* **What you are asked to do**
Please set down, with no changes, every line of the material below from the one containing "Pour moi ce" through the end. Skip the pictures.

* **Information provided**
□ □ □ □
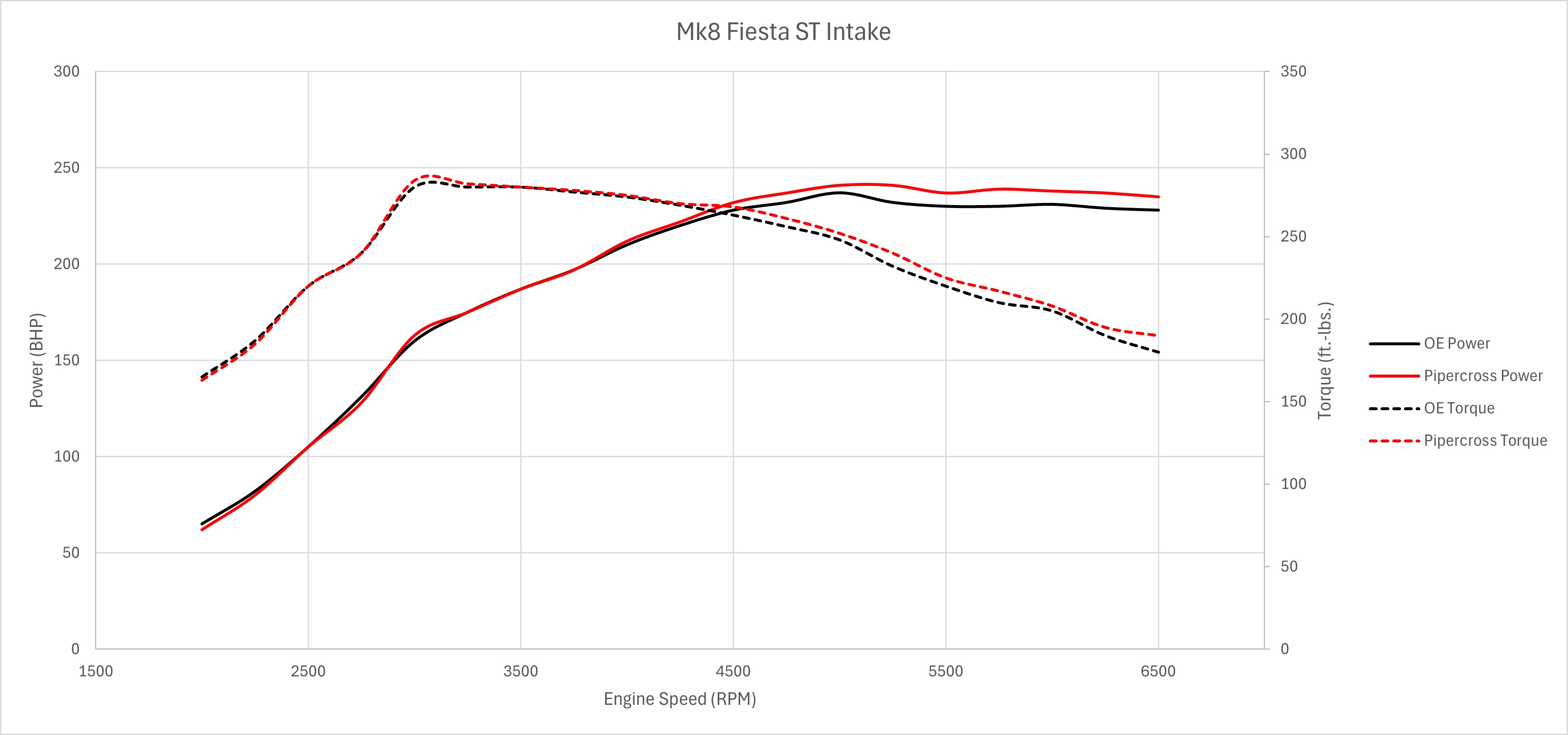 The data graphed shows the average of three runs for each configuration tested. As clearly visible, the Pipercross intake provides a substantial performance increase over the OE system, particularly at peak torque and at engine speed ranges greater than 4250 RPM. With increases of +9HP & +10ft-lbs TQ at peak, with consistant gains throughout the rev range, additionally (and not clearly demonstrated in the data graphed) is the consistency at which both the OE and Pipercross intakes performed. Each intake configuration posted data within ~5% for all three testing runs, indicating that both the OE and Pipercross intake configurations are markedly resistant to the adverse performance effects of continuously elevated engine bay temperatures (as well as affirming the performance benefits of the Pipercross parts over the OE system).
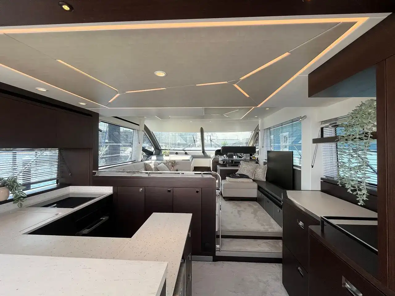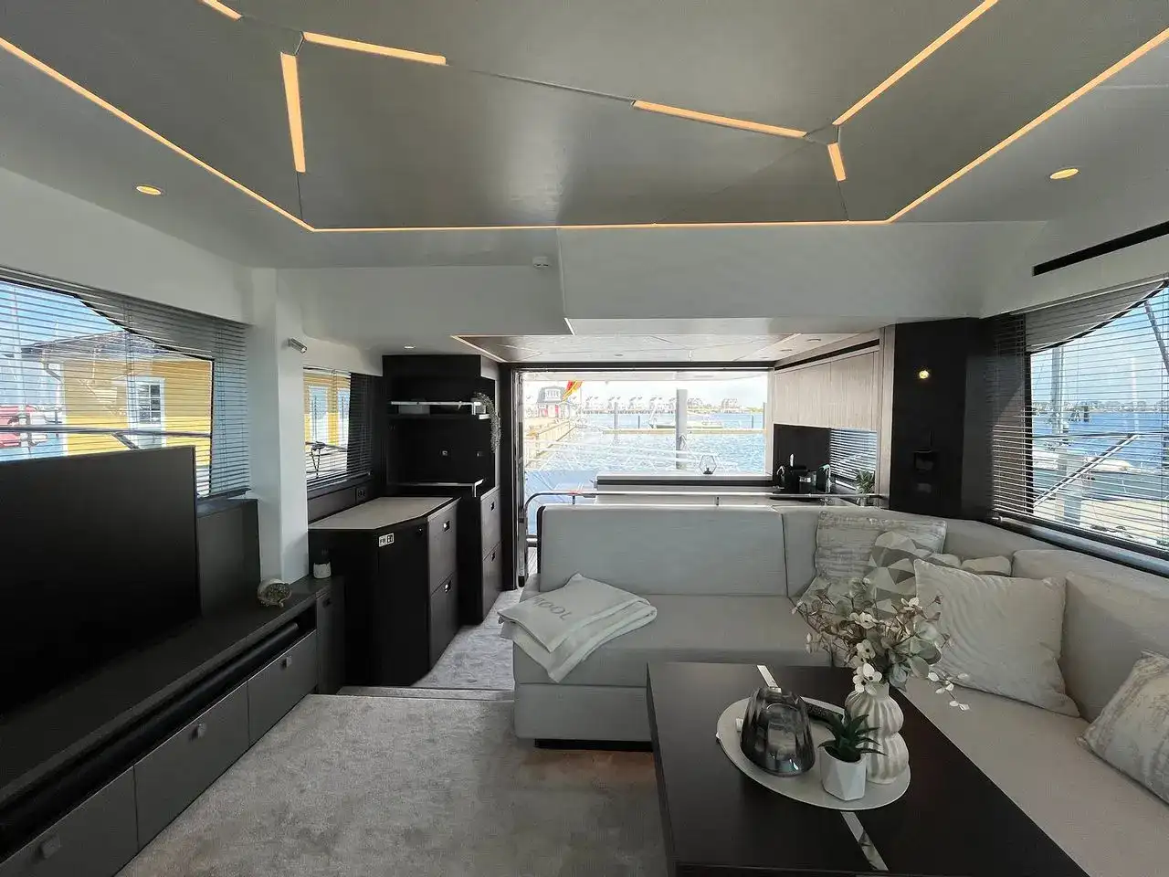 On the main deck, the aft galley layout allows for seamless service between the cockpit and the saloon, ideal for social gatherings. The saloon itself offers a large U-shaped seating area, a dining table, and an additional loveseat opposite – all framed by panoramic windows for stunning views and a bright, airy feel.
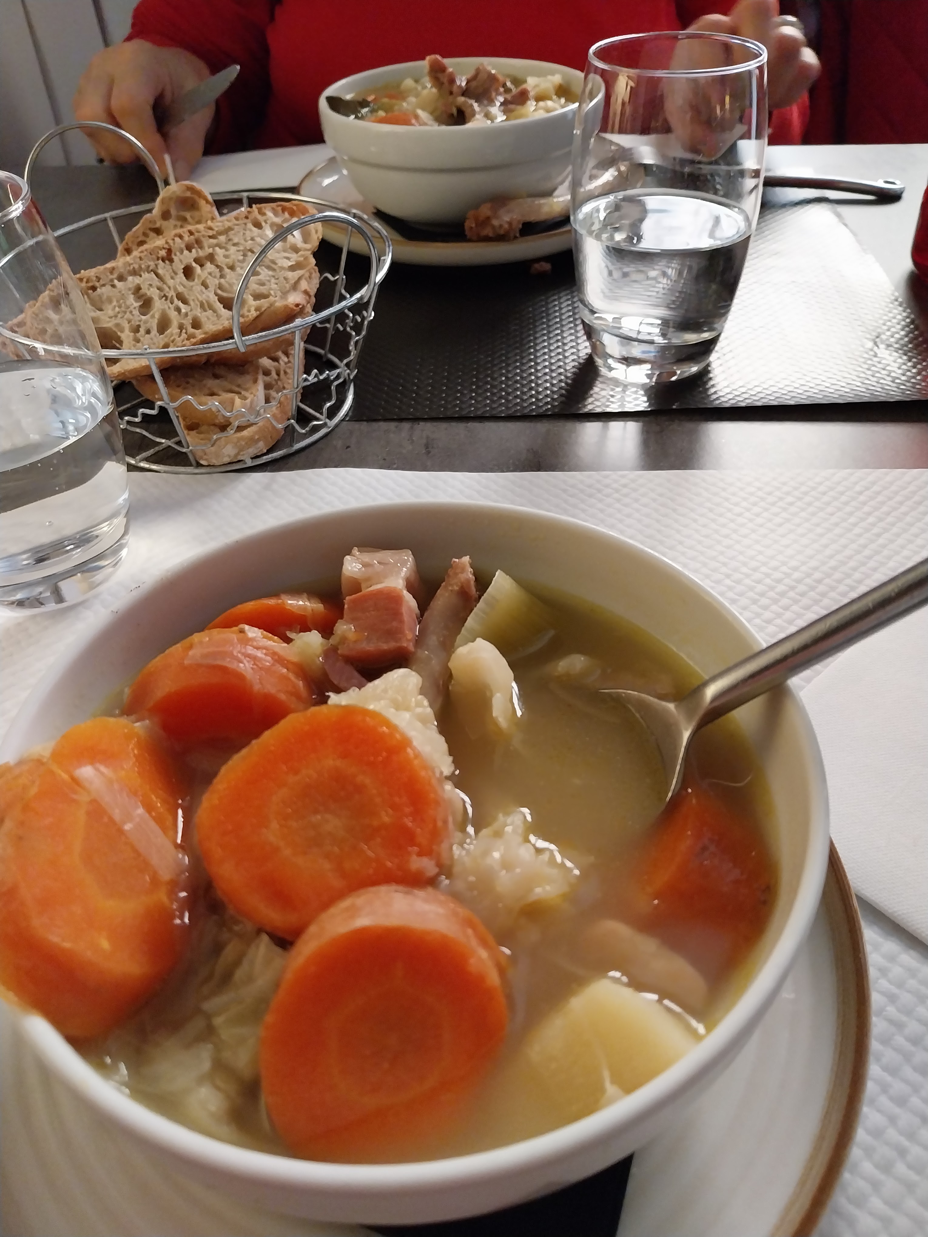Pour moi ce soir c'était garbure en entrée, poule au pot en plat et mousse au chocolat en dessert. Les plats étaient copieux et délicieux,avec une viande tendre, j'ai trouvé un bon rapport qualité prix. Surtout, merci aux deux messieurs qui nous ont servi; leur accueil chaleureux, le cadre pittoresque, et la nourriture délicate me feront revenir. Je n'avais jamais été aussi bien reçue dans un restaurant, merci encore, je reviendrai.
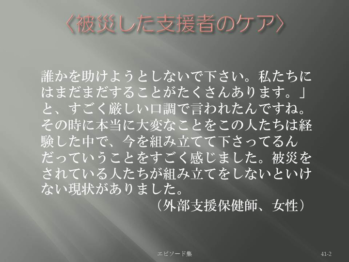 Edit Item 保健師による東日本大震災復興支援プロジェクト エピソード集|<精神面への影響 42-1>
□ □ □ □
* **Reply to the task**
Pour moi ce soir c'était garbure en entrée, poule au pot en plat et mousse au chocolat en dessert. Les plats étaient copieux et délicieux,avec une viande tendre, j'ai trouvé un bon rapport qualité prix. Surtout, merci aux deux messieurs qui nous ont servi; leur accueil chaleureux, le cadre pittoresque, et la nourriture délicate me feront revenir. Je n'avais jamais été aussi bien reçue dans un restaurant, merci encore, je reviendrai.
 Edit Item 保健師による東日本大震災復興支援プロジェクト エピソード集|<精神面への影響 42-1>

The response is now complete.